The film is a black and white creation by Crist Dahl and Chris Delisle, two filmmakers out of Rochester who combine their own original visual recordings with found footage to create a very weird pastiche. All sound is provided by The Poor Nobodys. They create a soundscape that begins before the first images appear and continues after the last images have faded from view. It’s a solid, unbroken wall of constant sound that ebbs and flows, providing an emotional underpinning that helps ground the strange profusion of overlapping images.
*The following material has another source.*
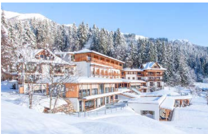
Ruhig gelegen am Waldrand oberhalb des Dorfes St. Daniel im Gailtal im westlichen Kärnten. Man hat von überall einen unverbauten Blick nach Süden

Ich muss dringend runter vom Gas: Stress, Schlafmangel und zu wenig im „Jetzt“ sein, haben nicht nur meinen Körper übersäuert. Auch mein Bewegungsmangel im Alltag macht mich unfroh. Das perfekte Gegenprogramm finde ich im Biohotel „Der Daberer“ in Kärnten. Ich buche das siebentägige Basenfasten-Paket. Gesunder Genuss, Entspannung und Bewegung inklusive. Bereits vor der Reise gibt es wertvolle Infos: So soll ich in der Woche vor der Ankunft vor allem Koffein und Zucker reduzieren, um Entzugserscheinungen zu minimieren. Außerdem soll ich mich möglichst basenreich ernähren. Im Hotel mitten in der Natur gibt es dreimal täglich zu festen Zeiten etwas zu essen. Auf den Tisch kommen liebevoll zubereitete Köstlichkeiten aus viel Obst und Gemüse, die basisch verstoffwechselt werden. Säurebildner wie Fleisch und Getreide sind dagegen tabu. Aciflovital zum Frühstück und ein Basen-Mineralpulver nach dem Mittagessen entlas-

Christa Schneider and Jenna Wyse layer in haunting vocals over their work on the cello and accordion and electric keyboard. Chris Hepola is just as likely to reach into the guts of his piano and pluck the strings there as he is to play on the keys. Eric Struve’s work on the upright bass is the furthest thing from jazz. And Aaron Cantine, Chris Duba, and Albert Perez aren’t really concerned with a discernible melody whether they’re hitting the acoustic or electric guitar, picking up a banjo or mandolin. It’s more about the mood they’re shaping.
Light often flares out in the film. Focus can be sharp and unforgiving, or disquietingly muddy. Give up on narrative or a search for meaning. There are shadows and reflections, human figures and those that are less than human. A field of grass will yield to the field of a man’s beard, but images often only reveal their true nature at their own languid pace. The Poor Nobodys musical accompaniment can make the masks, puppets and bones even creepier than they might otherwise be. Had the soundtrack been a bouncy and comical one, I wonder what sort of meaning and ominousness one might have applied to the images.
As it is, The Poor Nobodys turn Panacea into a perfect fit for the Twin Cities Horror Festival. It’s a mental palette cleanser that’ll leave you in a strange enough mood to take on whatever goes bump in the dark next on your schedule.